With Congress taking a look at an overhaul of the Endangered Species Act, we wondered, which animals in Georgia could be impacted?
Fluffy squirrels? Hardly. Adorable raccoons? No. Cuddly bunnies? Please.
The list, provided by the US Fish and Wildlife Service's Southeast Region, is far more slimy. (Here’s the whole thing). Of the 33 critters officially deemed as endangered in Georgia, 18 have neither fur nor feathers .. not even a face. They are mussels.
The Georgia pigtoe and the Cumberland monkey-face pearly mussel, which sound way cuter than they are, and the shinyrayed pocketbook, which is indeed pretty stylish, all make the list. Two types of sea turtle, including the fetching Kemp’s ridley, and the handsome red-cockaded woodpecker also make the roster but then we’re back to more mussels, not to mention the reticulated salamander and interrupted rocksnail. *Shudder.*
In seriousness, the mollusks that comprise the majority of Georgia’s endangered species play an ecologically significant role and state of their health can be seen as a broader environmental barometer state and region-wide.
“Save the pigtoe,” reads a poster created by University of Florida students to our south, who are working with the Alachua Conservation Trust.
“The oval pigtoe is a good indicator of overall stream health, and where they are, the river is probably in good condition,” Chris Burney, project manager at Alachua Conservation Trust, told WUFT. “And where they’re absent, it means we’ve probably heavily impacted the area.”
Development that dumps sentiment into waterways is often to blame, he added: “They get choked to death basically.
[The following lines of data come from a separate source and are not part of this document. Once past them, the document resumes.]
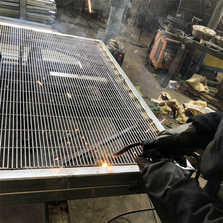 蛇腹型刀刻網與V型托網之間用適量固定卡子或用2-3條直徑3.0不銹鋼絲加固,鋼絲穿過V型托(預留孔)拉直固定。
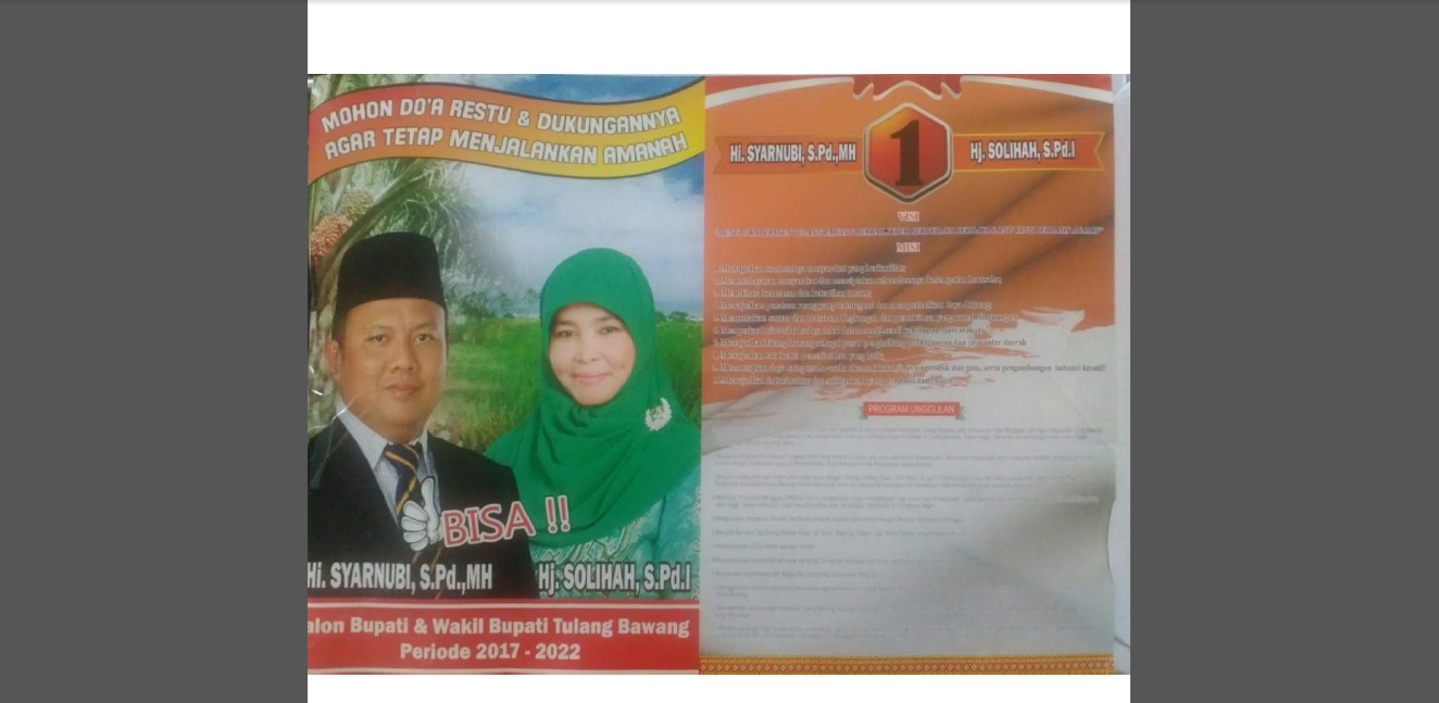 Pasangan calon Bupati dan Wakil Bupati Tulang Bawang periode 2017 – 2022 No urut (1) Satu Hi. Syarnubi, S.Pd,MH dan Hj. Solihah S.Pdi
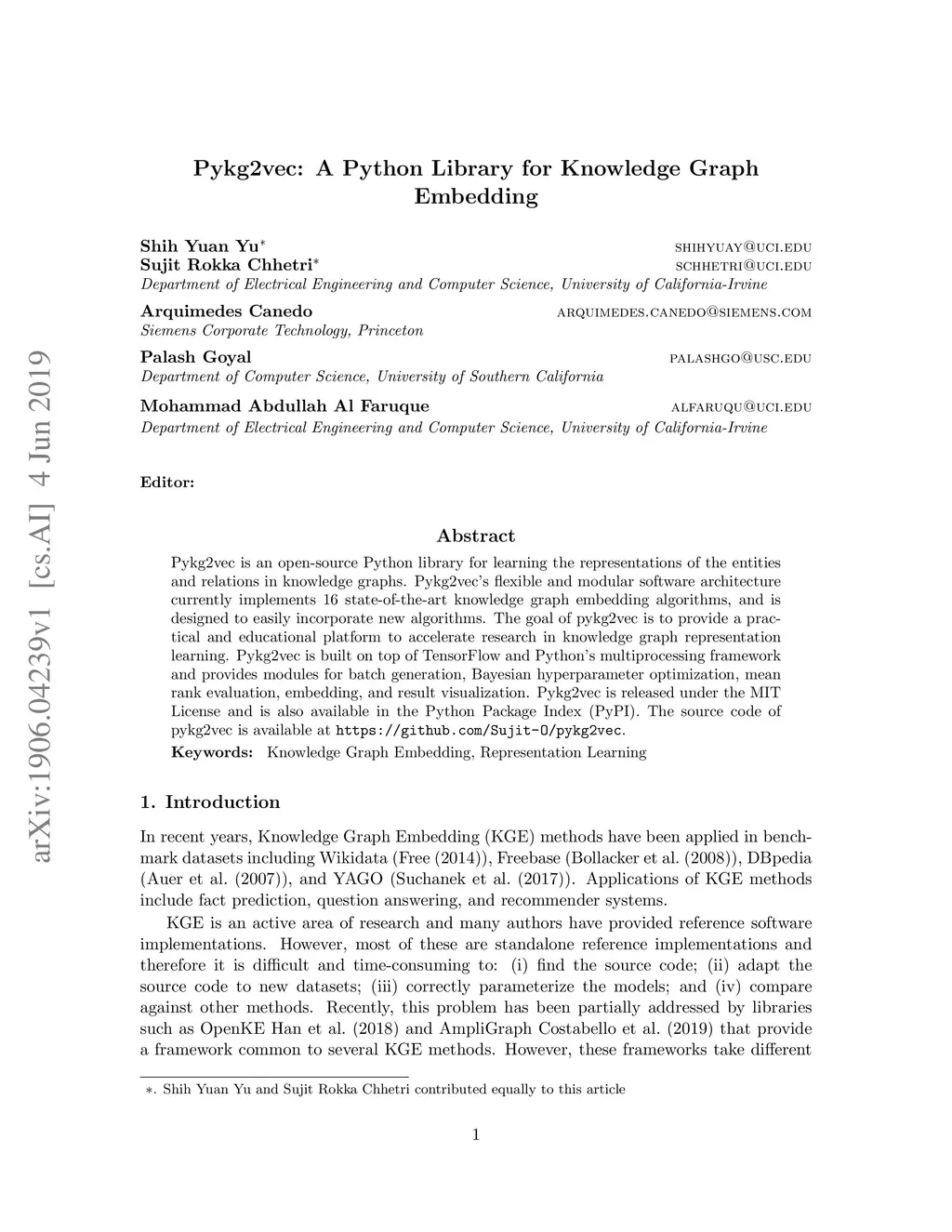Pykg2vec: A Python Library for Knowledge Graph Embedding

The dirt just piles up on them.”
Next door in Alabama, the rocksnail needs clean, flowing water to survive, said Paul Johnson, director of the Alabama Aquatic Biodiversity Center with the Alabama Department of Conservation and Natural Resources. Agricultural runoff is a threat, he said.
Environment and Public Works Committee Chairman John Barrasso, a Wyoming Republican, is the politician on point for the potential redo of the Endangered Species Act. The aim is to give states more flexibility, he says, although environmental advocates fear weakened protections.
It’s not a new or entirely partisan effort. Last year, as a federal court lifted federal protections for gray wolves, a Democrat from Minnesota said the law had prevented farmers from taking action even against wolves that attacked their pets or livestock.
"The states, not the federal government, are best equipped to manage their gray wolf populations by balancing safety, economic and species-management issues," U.S Rep. Collin Peterson said at the time.
A 2015 poll commissioned by Defenders of Wildlife and Earthjustice found strong support for the Act, something activists are eager to cite as politicians ponder change.
“While nine out of 10 Americans want to protect endangered species and their habitat, Congressional leaders are spending their time dismantling the ESA in favor of special interests," Jamie Rappaport Clark, president and CEO of Defenders of Wildlife, said then. "Enactment of any of these bills will only hasten the disappearance of endangered and threatened species from our planet."